Yes, it took a week of welding then most of two days to make the spider.

The gate is incredibly heavy.
It is 16 feet 5 inches wide and 8 feet 10 inches tall.
The shiny spot in the middle is a 1934 Ford hubcap.
The spider has wingnuts on his feet and is easily moved to various places on the gate

It is sitting on the ground in that photo.
I hope to have it swinging and locking soon.


----------



## Live Oak (Dec 22, 2003)

Nice work! I am working on a deal to get some forestry type gate put up on our properties. Nothing near as fancy as yours but hopefully strong enough to stand up to the illegal hunters, pot growers, and ATV riders who try to tear them down.


----------



## BruceWayne (Feb 11, 2008)

You cant beat 'Them'.

No matter how strong the gate there is always a bigger bulldozer.

Makes ya wanna get a sniper rifle and reach out and touch someone


----------



## BruceWayne (Feb 11, 2008)

Both of my grandfathers had Farmall Model H tractors.
After they died I got both of them.
I have one for parts.
The other is a 1940 model that sat in my yard for 25 years until I got some land in the country that needed to be bush hogged.
I never started it for 25 years, but I bought an old bush hog and rebuilt it, then started my tractor and it ran good....
after I switched 2 of the spark plug wires back to the right plugs.

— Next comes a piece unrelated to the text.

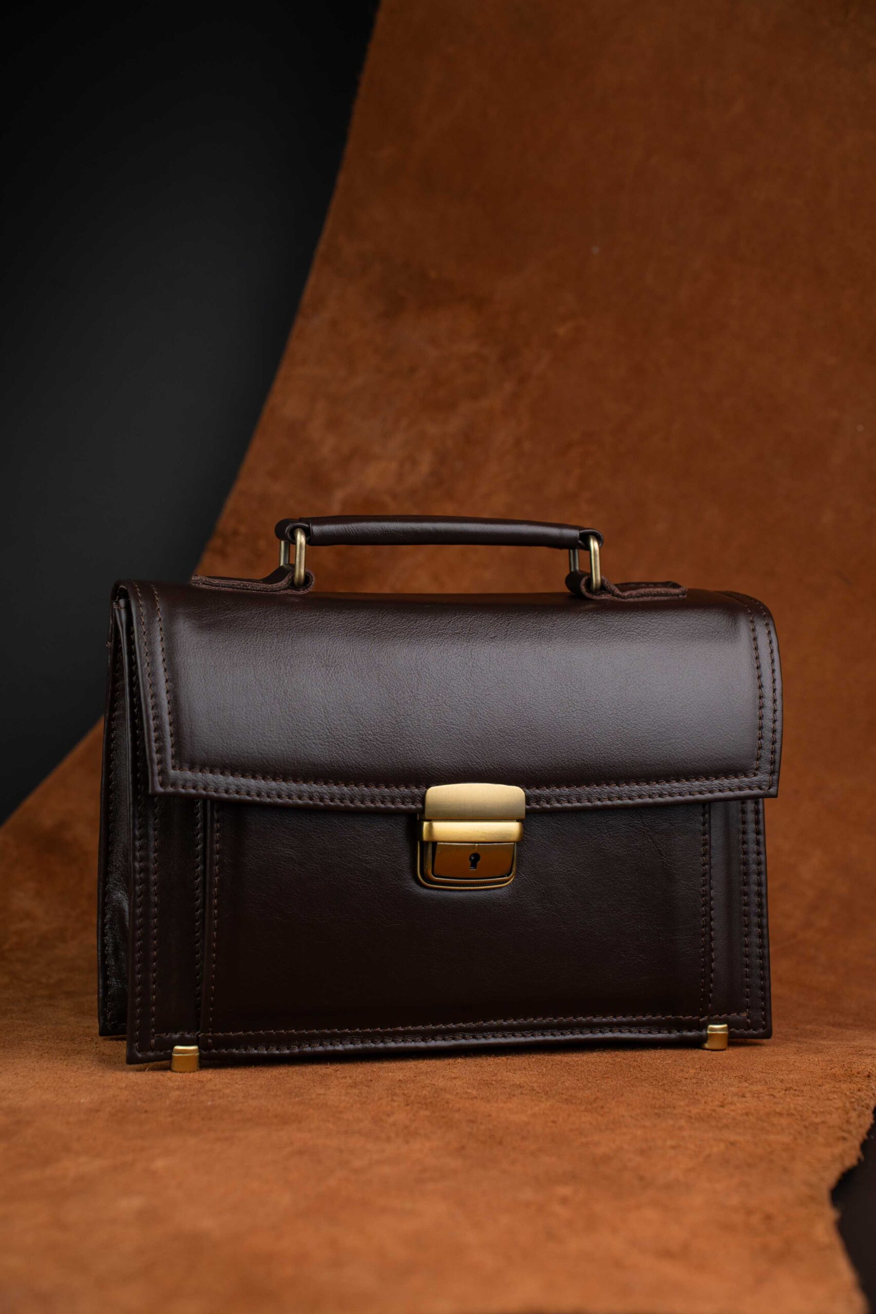 Мужская сумка 817-2-2 — элегантный аксессуар из натуральной кожи от белорусского бренда REMBAY. Строгий коричневый цвет, жёсткая форма, металлические уголки и замок с ключевым элементом подчёркивают уверенность и вкус владельца. Идеальна для деловых встреч, документов и ежедневного использования. Стиль без компромиссов.

Yeah, there is a little bit more to that story.
For 25 years, I turned the engine over every 6 months or so and once in a while I put diesel in each cylinder.
Fresh oil, cleaned the points, checked the antifreeze and it started up and runs good.


----------



## Live Oak (Dec 22, 2003)

BruceWayne said:


> You cant beat 'Them'.
> 
> No matter how strong the gate there is always a bigger bulldozer.
> 
> Makes ya wanna get a sniper rifle and reach out and touch someone


I hear ya! That thought has crossed my mind a time or two! Then I have to count to 1,000. :lmao: Sometimes a 1,000 is not enough.


----------



## kau (Sep 15, 2003)

Nice. We just recently installed a solar powered opener. Real easy install. Plan to install a mechanized opener?


----------



## BruceWayne (Feb 11, 2008)

kau said:


> Nice. We just recently installed a solar powered opener. Real easy install. Plan to install a mechanized opener?

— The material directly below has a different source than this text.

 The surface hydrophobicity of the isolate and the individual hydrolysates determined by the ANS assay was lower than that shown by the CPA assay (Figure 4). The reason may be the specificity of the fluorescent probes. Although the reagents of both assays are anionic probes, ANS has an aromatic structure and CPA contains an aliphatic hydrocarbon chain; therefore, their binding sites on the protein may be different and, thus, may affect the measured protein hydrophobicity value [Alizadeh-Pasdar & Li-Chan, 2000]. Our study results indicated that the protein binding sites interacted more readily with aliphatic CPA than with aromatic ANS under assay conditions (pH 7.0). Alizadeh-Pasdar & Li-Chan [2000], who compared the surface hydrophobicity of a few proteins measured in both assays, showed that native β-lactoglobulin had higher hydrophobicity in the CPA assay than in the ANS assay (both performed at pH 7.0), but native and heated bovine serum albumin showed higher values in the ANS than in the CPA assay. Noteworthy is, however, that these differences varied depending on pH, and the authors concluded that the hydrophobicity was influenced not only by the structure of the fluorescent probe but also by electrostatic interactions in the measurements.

I sure would like to know more about that solar powered unit!


----------



## Live Oak (Dec 22, 2003)

kau said:


> Nice. We just recently installed a solar powered opener. Real easy install. Plan to install a mechanized opener?


I have thought about one of those but not sure how they hold up over time and to vandals. They sure are nice for when you come and go a lot. Got any pics?


----------



## Wheeler (Mar 17, 2010)

That's cool. Is it temporary?


----------



## kau (Sep 15, 2003)

TF Admin said:


> I have thought about one of those but not sure how they hold up over time and to vandals. They sure are nice for when you come and go a lot. Got any pics?


Held up for quite some time now to some abuse and harsh weather. Hottest summer on record last year and wettest winter this year. I will snap some pictures this weekend.


----------